### REQUIRED ACTION
Return the lines that run from the beginning of the entries to the line holding "谈及中国人以及中国学生,人们", inclusive, and drop the pictures.

### SOURCE MATERIAL
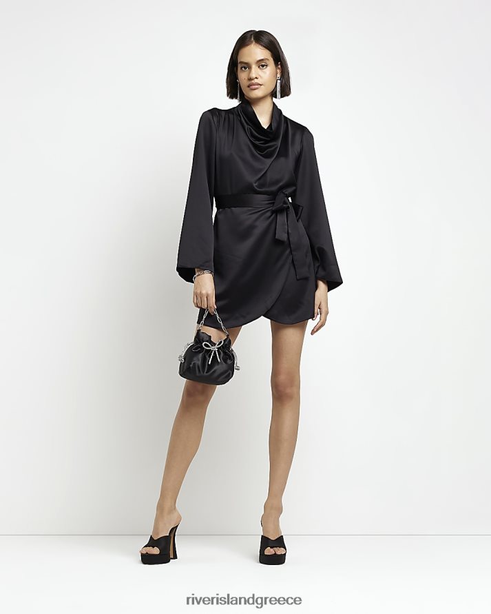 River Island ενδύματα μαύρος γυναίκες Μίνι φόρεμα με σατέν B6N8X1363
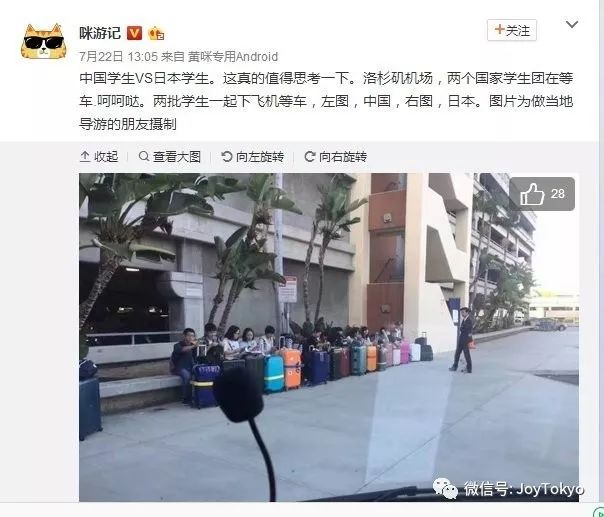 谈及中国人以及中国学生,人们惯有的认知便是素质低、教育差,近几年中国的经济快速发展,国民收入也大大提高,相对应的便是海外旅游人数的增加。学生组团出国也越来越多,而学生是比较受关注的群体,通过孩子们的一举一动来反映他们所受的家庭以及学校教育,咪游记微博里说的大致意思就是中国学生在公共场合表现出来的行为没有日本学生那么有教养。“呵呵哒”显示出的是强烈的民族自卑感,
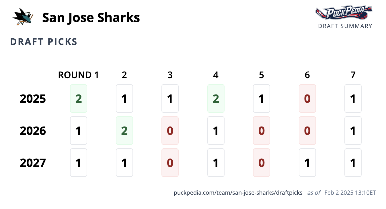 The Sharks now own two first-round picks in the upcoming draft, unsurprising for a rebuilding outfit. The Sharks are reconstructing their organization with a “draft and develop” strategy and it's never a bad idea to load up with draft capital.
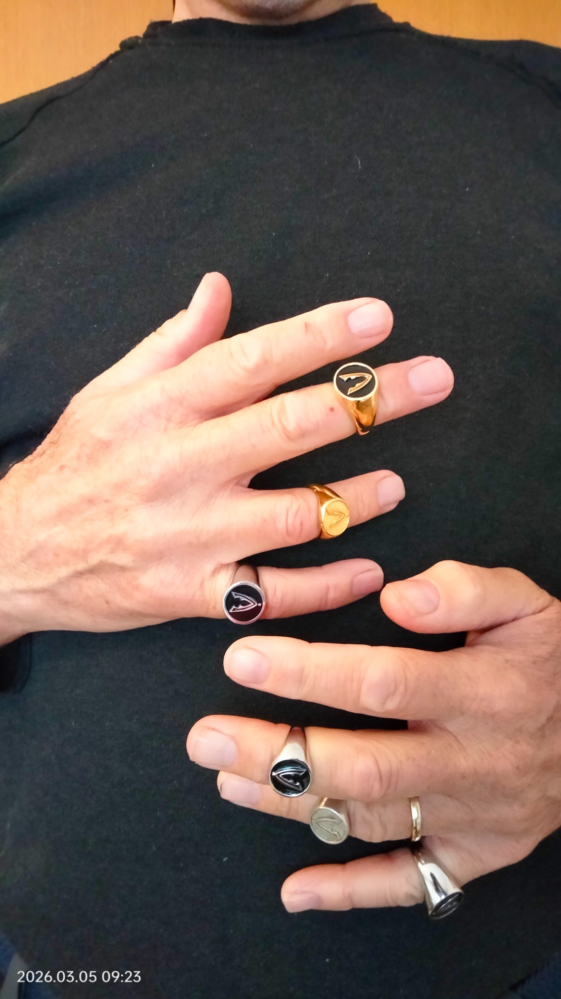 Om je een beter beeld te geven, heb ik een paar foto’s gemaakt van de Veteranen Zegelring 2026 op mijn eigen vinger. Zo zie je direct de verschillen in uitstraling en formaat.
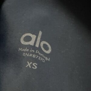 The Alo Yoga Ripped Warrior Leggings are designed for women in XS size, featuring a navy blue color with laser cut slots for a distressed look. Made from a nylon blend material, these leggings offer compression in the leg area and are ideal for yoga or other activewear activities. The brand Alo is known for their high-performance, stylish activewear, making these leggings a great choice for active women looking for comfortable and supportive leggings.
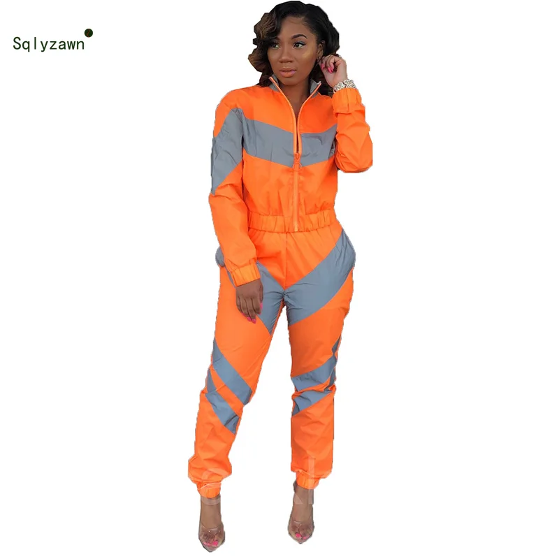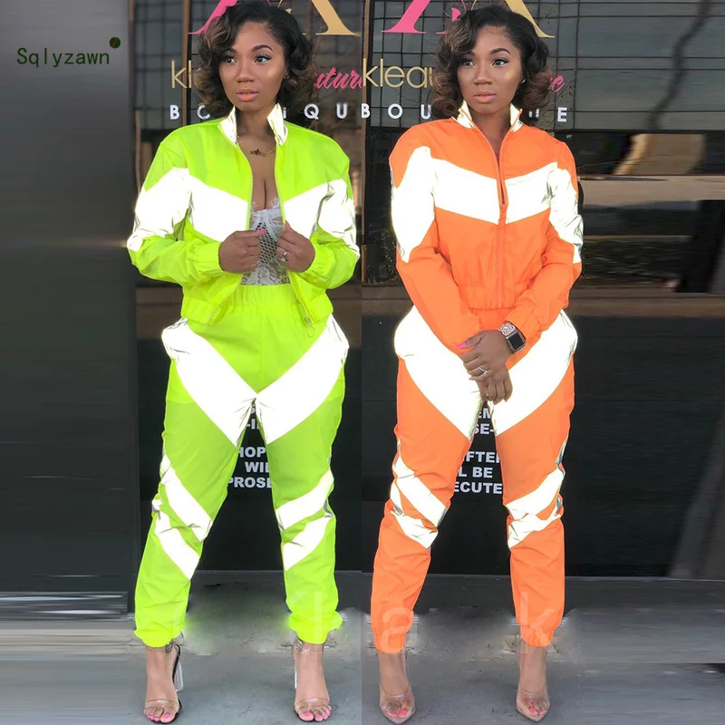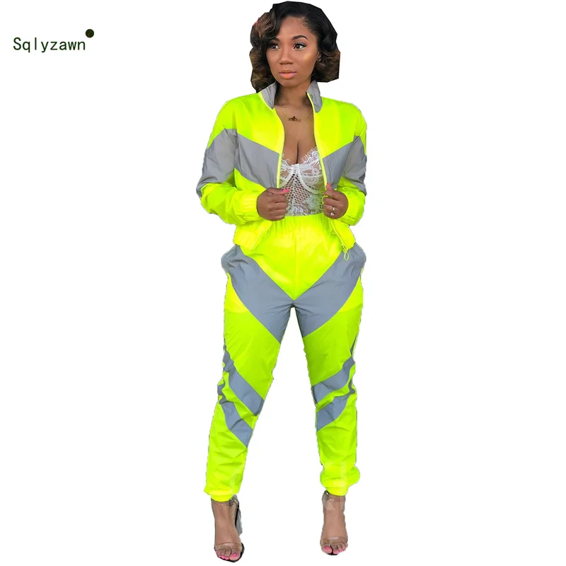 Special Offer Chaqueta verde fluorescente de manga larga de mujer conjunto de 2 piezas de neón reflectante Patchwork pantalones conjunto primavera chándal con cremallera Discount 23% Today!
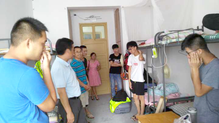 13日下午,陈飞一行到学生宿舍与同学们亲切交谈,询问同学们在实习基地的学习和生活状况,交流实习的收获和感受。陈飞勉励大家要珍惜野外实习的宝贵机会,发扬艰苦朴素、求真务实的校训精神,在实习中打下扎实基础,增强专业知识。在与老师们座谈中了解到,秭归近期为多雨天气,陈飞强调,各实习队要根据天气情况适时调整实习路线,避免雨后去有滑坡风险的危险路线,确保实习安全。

### ANSWER FOR THIS EXERCISE
 River Island ενδύματα μαύρος γυναίκες Μίνι φόρεμα με σατέν B6N8X1363
 谈及中国人以及中国学生,人们惯有的认知便是素质低、教育差,近几年中国的经济快速发展,国民收入也大大提高,相对应的便是海外旅游人数的增加。学生组团出国也越来越多,而学生是比较受关注的群体,通过孩子们的一举一动来反映他们所受的家庭以及学校教育,咪游记微博里说的大致意思就是中国学生在公共场合表现出来的行为没有日本学生那么有教养。“呵呵哒”显示出的是强烈的民族自卑感,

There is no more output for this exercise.